We tracked the object down to a block device in rados that contained a windows VM and was a clone of a template image.

While debugging it seemed like find_object_context(coid, &obc, false, NULL); was called from other places without a problem, only while beeing called from trim_object() it crashes the server.

Prior the problem started, there was a problem with the router that connects the ceph cluster, leading to a network downtime of ~2 minutes. I don't know of only one or many nodes where affected by the network outage. Each node runs ~7 ceph-osd instances with 4 nodes in total.
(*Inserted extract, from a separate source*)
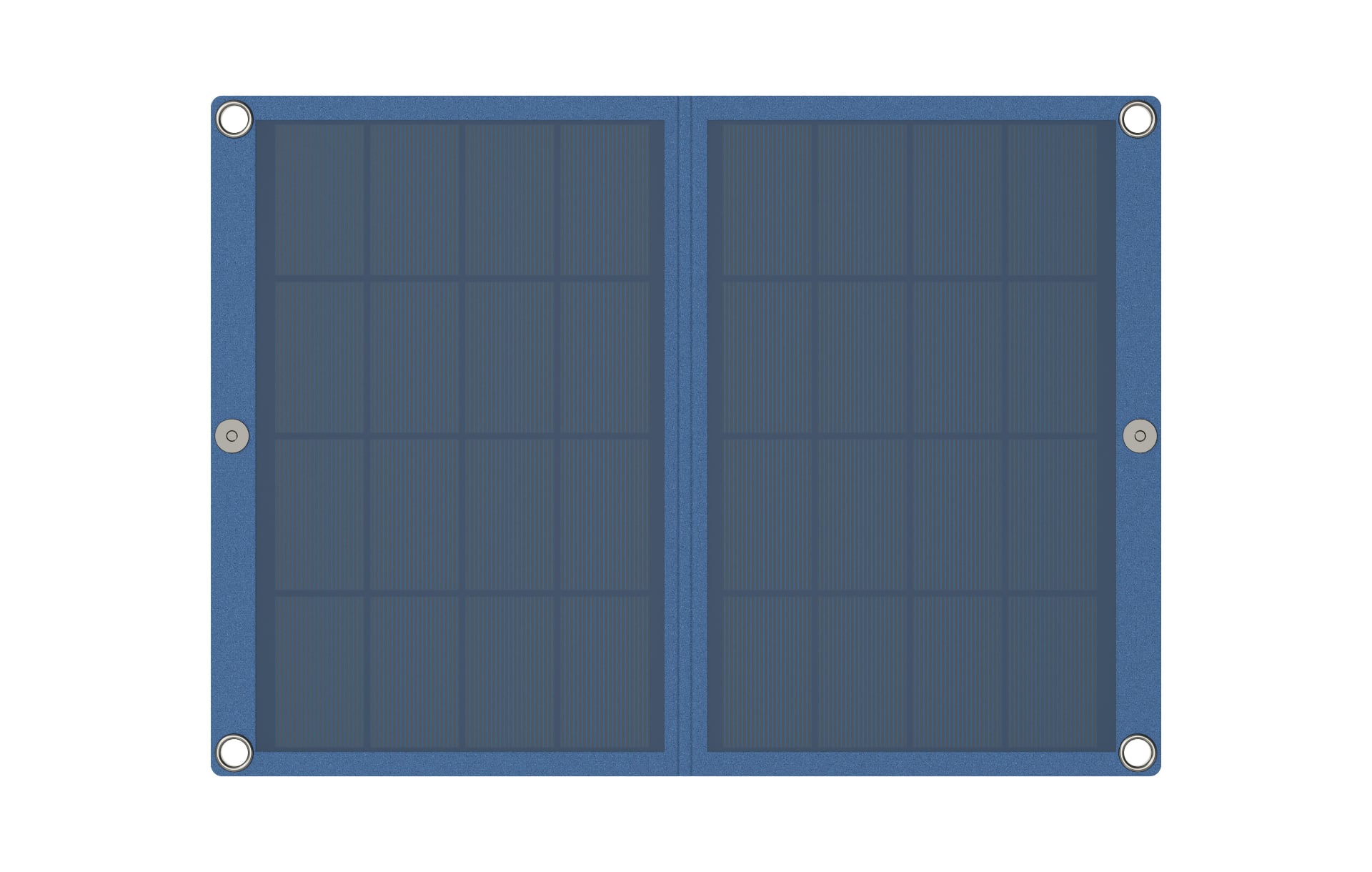 Jest wyposażony w zdejmowany panel słoneczny, który można przymocować do plecaka lub namiotu. Jest on podłączony przez USB-C i może ładować nie tylko laptopa, ale także power banki.
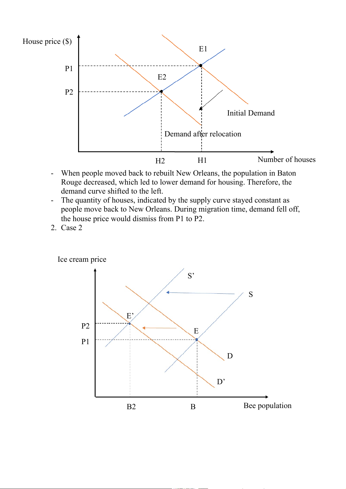 the house price would dismiss from P1 to P2. 2. Case 2 Ice cream price S’ S E’ P2 E P1 D D’ B2 B Bee population

Please mark this bug more urgent, because this is a case where data corruption occured and that causes permanent node failure.
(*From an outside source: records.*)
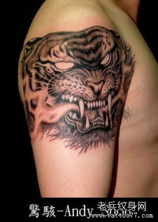 分享一款霸气的大臂老虎纹身图案_臂部纹身图案大全_纹身图吧
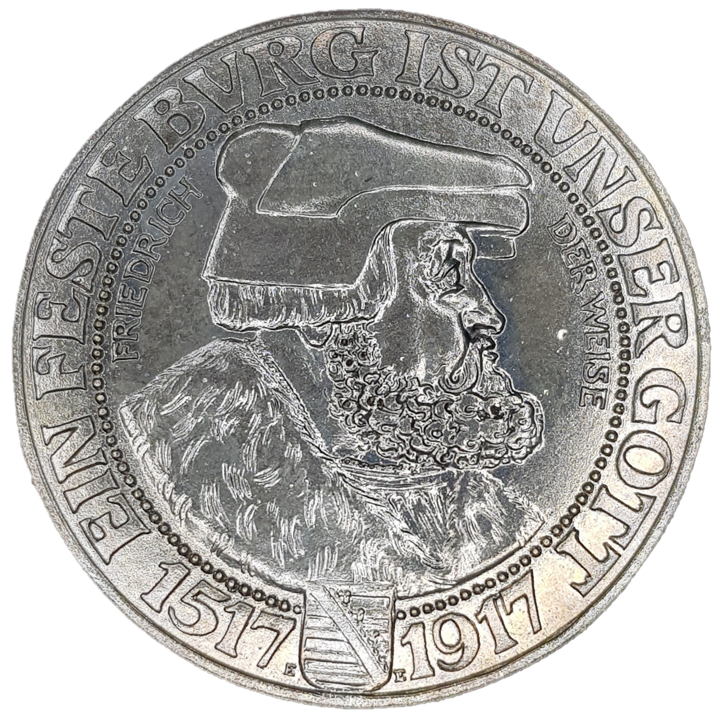 Опис: (Оригінал — надзвичайно рідкісна монета, викарбувана в 1917 році) Погруддя Фрідріха Мудрого, звернене вправо (захисник Мартіна Лютера), легенда та дата
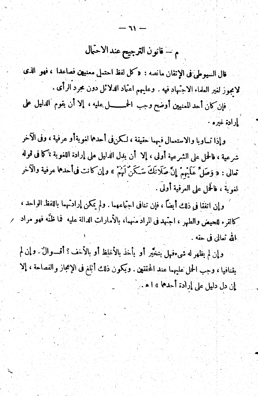 قال السيوطي في الإتقان ما نصه كل لفظ احتمل معنيين فصاعدا فهو الذي لا يجوز لغير العلماء الاجتهاد فيه وعليهم اعتماد الدلائل دون مجرد الرأي.
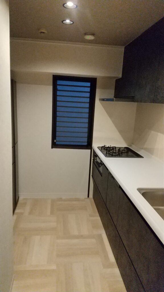 キッチンの壁と床をリフォーム。掃除しやすい素材を使用しました。
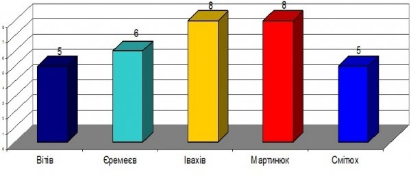 середній – Вітів А.М., Мельник Є.І., Палиця І.П., Смітюх Г.Є.;
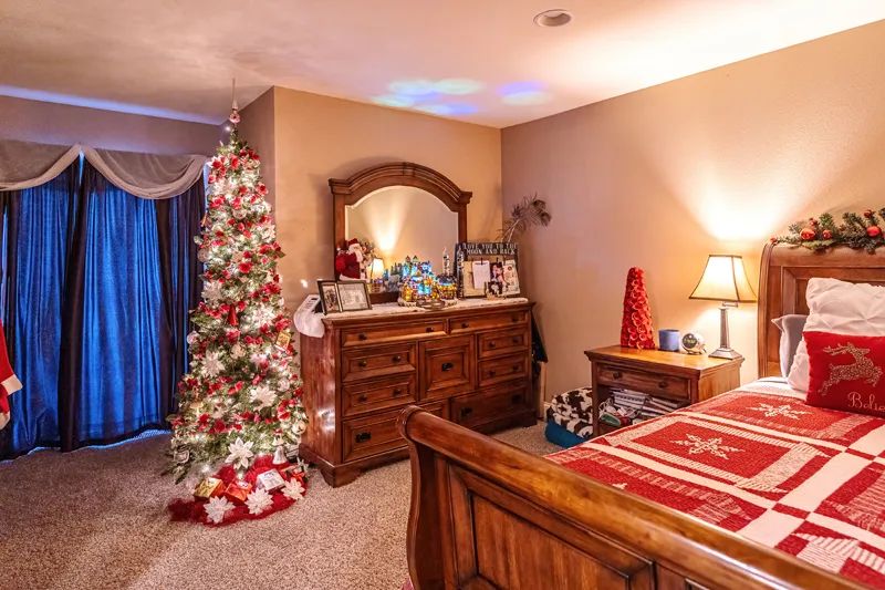 The Rose Tree pays tribute to other grandmothers in the family, particularly Julie’s Grandma Juanita Swanson. The tree situated in the master bedroom blossoms with red and pink roses. “She had over 200 rose bushes,” Julie says. “She hosted Christmas Eve dinner every year for 50 to 60 people. Everyone had a place to go.”

Our customer will now try to remove the rados image to see if this solves the problem.

Actions #8

Updated by Daniel Poelzleithner about 10 years ago

The nodes use xfs, so I don't think that the original assumption that filesystem corruption may be the cause is the only way to trigger this problem.

Actions #9

Updated by Daniel Poelzleithner about 10 years ago

find_object_context() in trim_object returned -ENOENT.

But I couldn't track down why, optimized builds were driving me nuts and every time the debugger stopped, the node gets into a strange state when paused for like 5 secondes. constanlty reconnecting errors...

Actions #10

Updated by Daniel Poelzleithner about 10 years ago

The initial problem was thought to be related to snapshots, therefore they cleaned all snapshots on the cluster but this did not fix it.

the identified vm was a clone of a template machine.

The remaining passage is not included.